Директор разгорячился, стал руками махать, а я начал потихоньку из-за двери выходить, чтобы незаметно улизнуть, — по моим часам до звонка десять минут осталось…

И уж было совсем вылез в приёмную — Роберт Иванович на меня глянул и глаза вытаращил:

— Что с тобой?

— Где? — спрашиваю.

Тут все как начали хохотать. Я им язык показал — вообще истерика началась.
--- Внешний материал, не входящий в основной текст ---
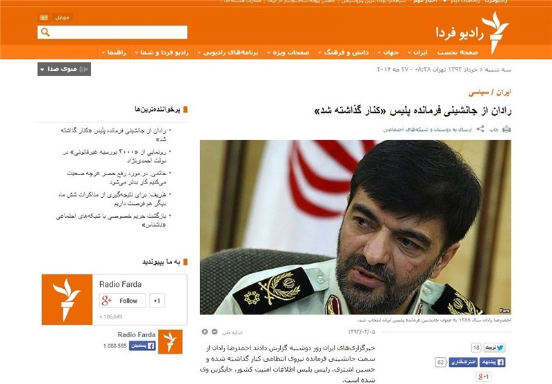 رادیو فردا نیز در ادامه خبر تغییر رادان از سمت جانشینی فرمانده ناجا، خشنودی خود را از این خبر با انتخاب واژه «کنار گذاشتن رادان» نشان داد و احمدرضا رادان را از جمله حامیان سرسخت طرح ارتقا امنیت اجتماعی و اخلاقی معرفی کرد و وی را از کسانی دانست که در اجرای این طرح توسط شورای عالی انقلاب فرهنگی نقش داشت. این رسانه نیز در توصیف طرح ارتقای امنیت اجتماعی و اخلاقی که از سال 1386 به اجرا درآمد٬ بر نظارت بر پوشش شهروندان٬ به ویژه زنان٬ تأکید دارد و از دیگر سو بر مقابله با بزهکاری و بازداشت افرادی تحت عنوان «اراذل و اوباش»!

— Иди-ка сюда. — Роберт Иванович открыл в стене дверь. Я думал, это шкаф, а это туалет и умывальник. — Вот мыло, вот полотенце! Мойся! И альбом свой сюда давай! Никуда он не денется.



Я в зеркало глянул — батюшки! Запросто можно вместо папуаса в пятьсот двенадцатую школу идти: я не то что грязный, а чёрный весь! Не зря меня Лукич шахтёром окрестил: совершенно не моё лицо, только глаза и зубы сверкают.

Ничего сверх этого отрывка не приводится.